A Bridge Too Far
- First edition cover
- Author: Cornelius Ryan
- Language: English
- Genre: War
- Publisher: Simon & Schuster (U.S.); Hamish Hamilton (U.K.);
- Publication date: September 1974
- Media type: Print (Hardback)
- Pages: 670
- ISBN: 0-671-21792-5 (U.S.) 0-241-89073-X (U.K.)
- Dewey Decimal: 940.5421
- LC Class: D763.N4 R9

= A Bridge Too Far (book) =

1974 book by Cornelius Ryan

A Bridge Too Far (1974) by Cornelius Ryan gives an account of Operation Market Garden, a failed Allied attempt to break through German lines at Arnhem by taking a series of bridges in the occupied Netherlands during World War II.

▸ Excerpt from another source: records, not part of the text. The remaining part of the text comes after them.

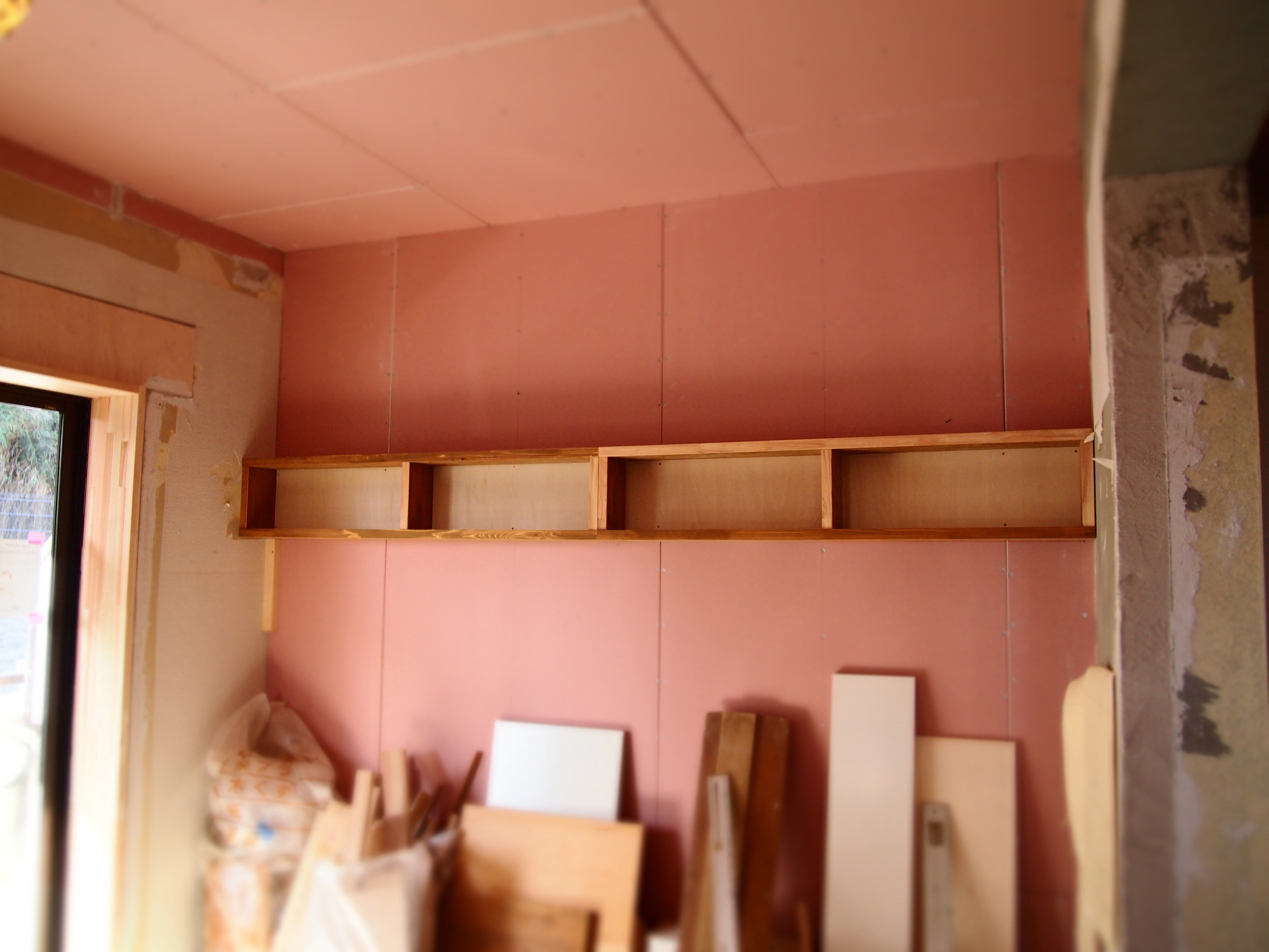 リビングにも、ちょっとしたものが飾れる棚が出来上がっています。
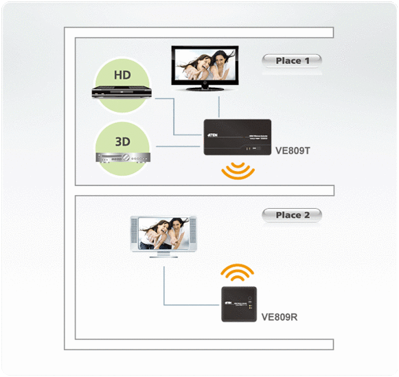 The VE809 HDMI Wireless Extender extends your HDMI display up to 30 m* from the HDMI source using wireless technology. Easily connect two HDMI devices to an HDTV wirelessly with crystal clear image quality capable of streaming Full 1080p with 5.1 channel digital audio and 3D technology. The IR remote control allows you to switch between HDMI source devices from the receiver side, remotely; and allows you to watch a local and wirelessly connected HDTV- simultaneously. The VE809 consists of a wireless audio/ video transmitter and receiver. Consolidate your HDMI electronics and use the VE809 as a wireless 2-port HDMI switch to connect remote devices such as Blu-ray players and HD Cable boxes to design your own custom wireless entertainment space.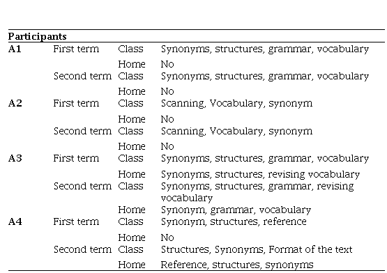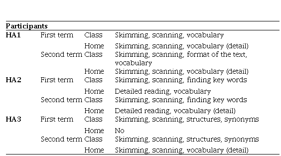 These participants also had the think-aloud protocols both in the first (fall) term and the second (spring) term so as to determine what they were doing in the reading. By doing so, the researcher had the chance to observe what kind of strategies they were using at the first hand. After each think-aloud process was over, the researcher asked them what they would do if they were given that reading text at home as an assignment. Table 2 shows what they did in the think aloud protocols prepared by the researcher and what they would do with the same reading task if they were given at home.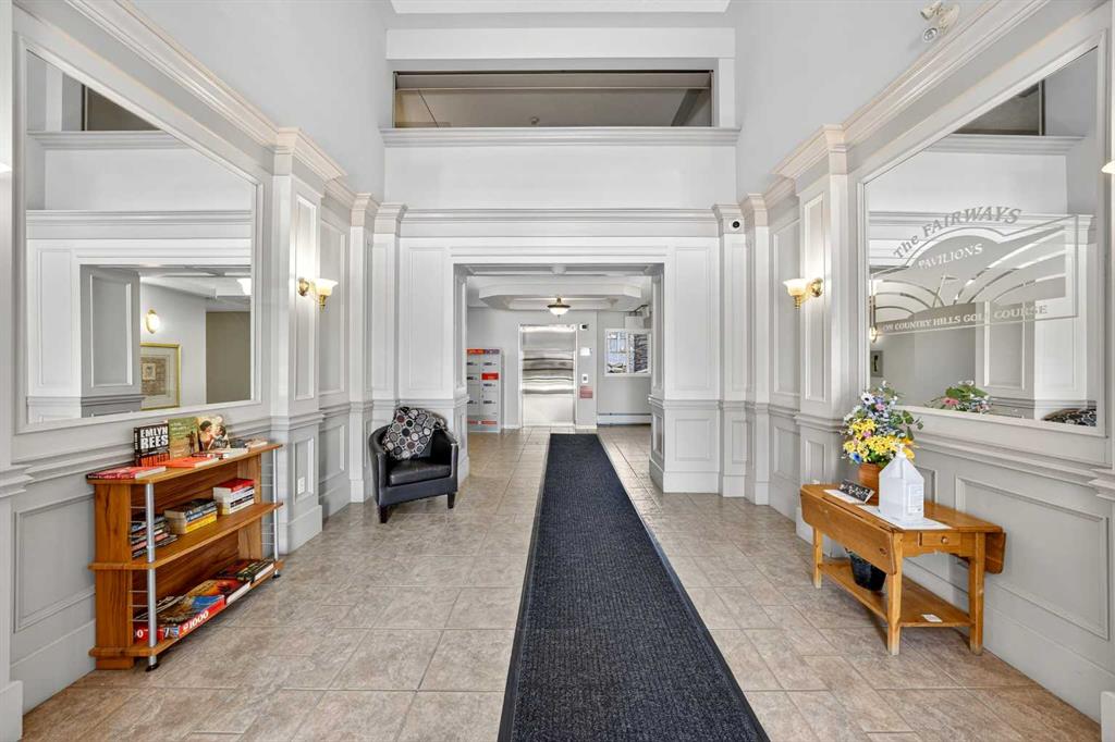 Welcome to Fairways Pavilions in Country Hills, a well-maintained complex offering comfort and convenience in a highly sought-after NW Calgary location. This bright 2-Bedroom, 2-Bath unit features an open-concept layout with a Kitchen finished with quartz countertops and stainless steel Samsung appliances. The Dining Area flows into a large Living Room with a cozy corner fireplace, leading to a well sized Balcony complete with gas hookup and storage room. The Primary Bedroom offers a walk-in closet and 3-piece Ensuite, while the Second Bedroom and full Bath are set apart for privacy. Vinyl Plank Flooring runs throughout the majority of the unit. The unit is finished with a Laundry Room with storage space. This unit also comes with a Titled heated underground parking stall, and the condo fee includes heat and water.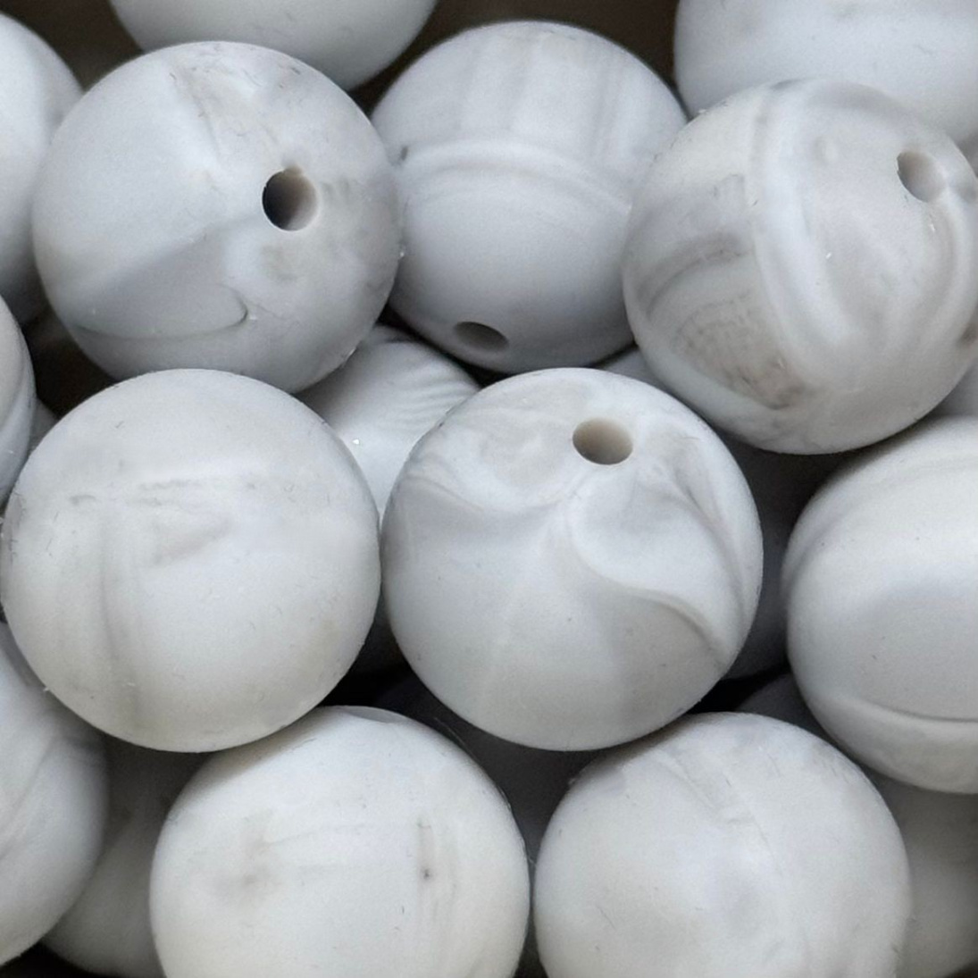 Silikonihelmi pyöreä marmori / valkoharmaa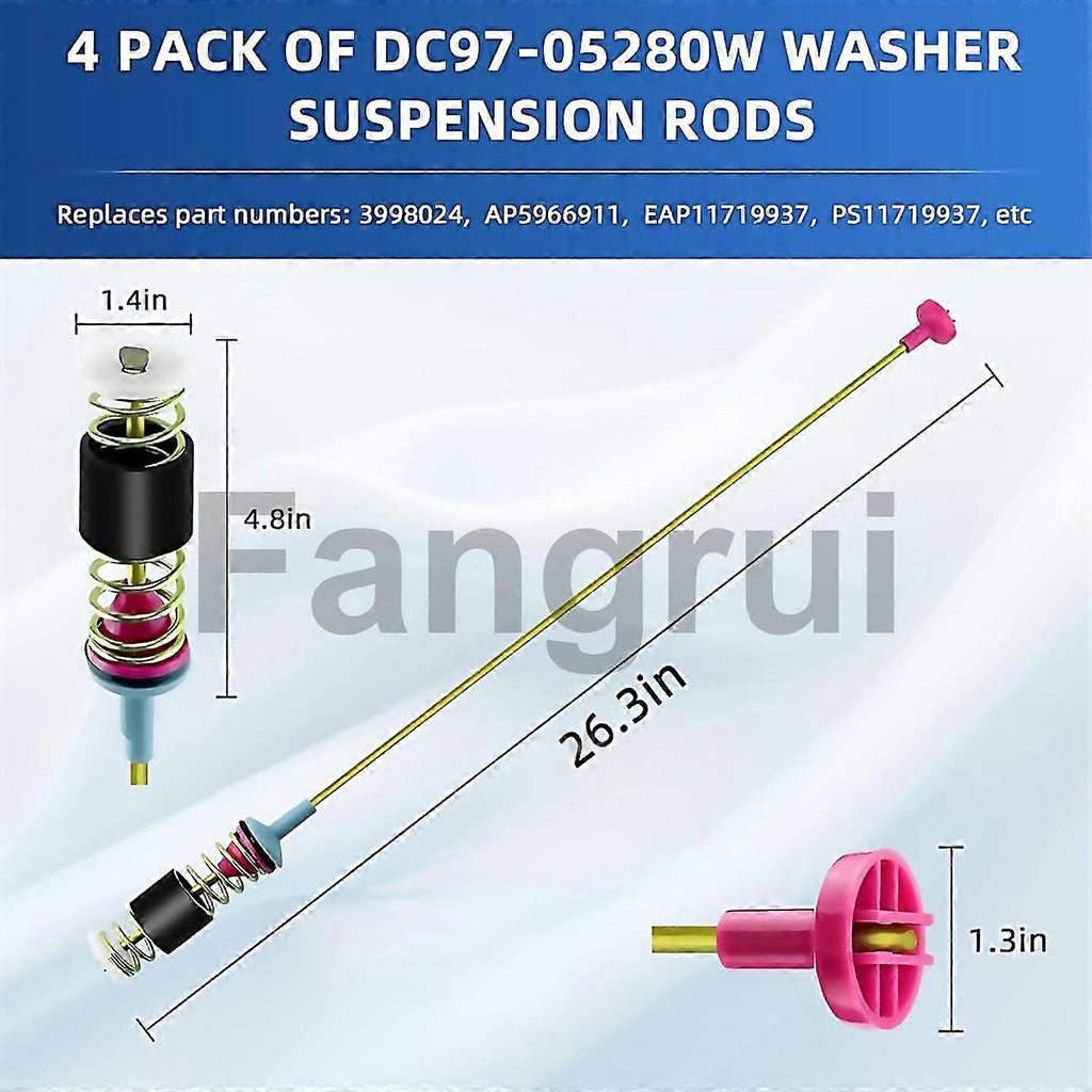 Fangrui Product Details Fangrui Product Details [ Replaces Part Numbers]:washer Machine Suspension Rods Parts Dc97-05280w Compatible With For - Washer Suspension Rods, Dc97-05280u, Dc97-05280h,dc97-16350v Dc97-05280k, Dc97-05280x, Dc97-16350c, Dc97-16350d, Dc97-16350e, Dc97-16350j, Dc97-16350k, Dc97-16350s, Dc97-16350t, Dc97-16350u, Dc97-18610b, Dc97-18610c, Ap5623264, Ap5669739, Ps4221572,ps4276369, Ps11719937, Ap5966911 [wide Compatible]:our Dc97-05280w Washer Suspension Rods Fit For - Smart Washing Machine Model: Wa400pjhdwr,wa40j3000aw,wa45h7200aw,wa45h7000ap,wa45m7050aw,wa422prhdwr, Wa54m8750av/a4, Wa45n3050aw/a4, Wa45t3200aw/a4, Wa50t5300ac/us, Etc [easy To Install]:before Installing Dc97-05280w Washing Machine Parts, Please Turn Off The Power And Water Supply, And Wear Gloves To Protect Your Hands. To Facilitate Your Installation, We Strongly Recommend That You Use A Screwdriver And Duct Tape When Installing, Note:washer Suspension Rods Wa50r5200aw Are Oiled, You Need To Wear Rubber Gloves During Installation, Which Dirty Your Hands. Pl

Ryan named his book after a comment attributed to Lieutenant General Frederick Browning before the operation, who reportedly said to Field Marshal Bernard Montgomery, "I think we may be going a bridge too far." But Antony Beevor disputes this, saying that Browning had supported the operation, especially in view of receiving more resources. Secondly he did not appear to have encountered Montgomery that day.

Drawing on a wide variety of sources, Ryan documented his account of the 1944 battle with pictures and maps. He included a section on the survivors, "Soldiers and Civilians – What They Do Today".

He addressed tactical mistakes made in planning the operation. Popular accounts of World War II tended to overlook the battle or to accept Field Marshal Montgomery's spin on it as being a "partial success".

The 1974 book was published by Simon & Schuster in New York and by Hamish Hamilton in London. There were frequent later editions, and a film based on it was released in 1977.